In 1946, she was finally discharged from the service and made her way back home to West Bend. For the next few years, she nursed polio patients.
Craig was not one to stay in one place long, she found out about a job at March Air Force Base in California. With her good friend Minnie Graff, they hopped a plane and came to the golden state for a new position in the hospital at the maternity ward.
While working the maternity ward, a dashing young man came to visit a friend, Phyllis saw Edward Craig, he saw her and there were sparks but he left without her number.
She took a chance and gave her number to the patient to give to Ed.
A new stage began in Phyllis’ life with the entrance of Ed into her story.
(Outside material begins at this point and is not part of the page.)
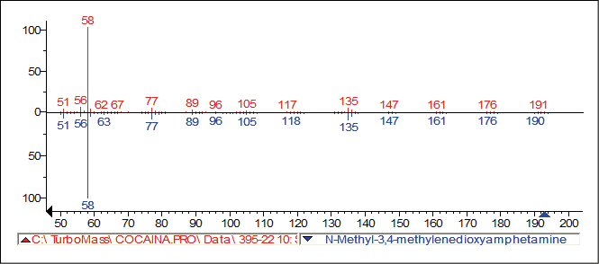 Figura N° 20. Comparación del espectro de masas del primer compuesto y el del MDMA.

He, of course, being smart gave her a call. They dated for about six weeks. After meeting his parents, Ed asked her to go to Alaska with him since he had orders to ship out.
She made sure to clarify that was as his wife not girlfriend and after conferring with her best gal pals, she came back with a firm yes to the trip to Alaska and yes to being his wife.
They tied the knot on May 27, 1948.
After spending a few months apart, their lifelong adventures began together in Alaska. On February 19, 1949, they welcomed a son, Richard Lee, into their lives in Alaska. Over the years they had Linda, who was born in June 19, 1951, ,in Florida, and then Marsha, born in June 10, 1953 in Florida.
After traveling for the military, they came to Travis Air Force Base in Fairfield where Ed retired. He took up work at at Concord Naval Station as a safety director.
Phyllis retired from nursing after 21 years.
They could not stop traveling and the couple made many great memories for 47 years.
They went on a cruise to celebrate the anniversary of D-Day meeting Bob Hope, Walter Cronkite and Andy Rooney.
On April 7, 1997 Phyllis lost her husband just three years before their 50th Anniversary.
Tragedy struck again in January 29, 2020, when their son Richard died.
Craig sold her home in Fairfield and moved to Paradise Valley Estates where she has made tons of friends.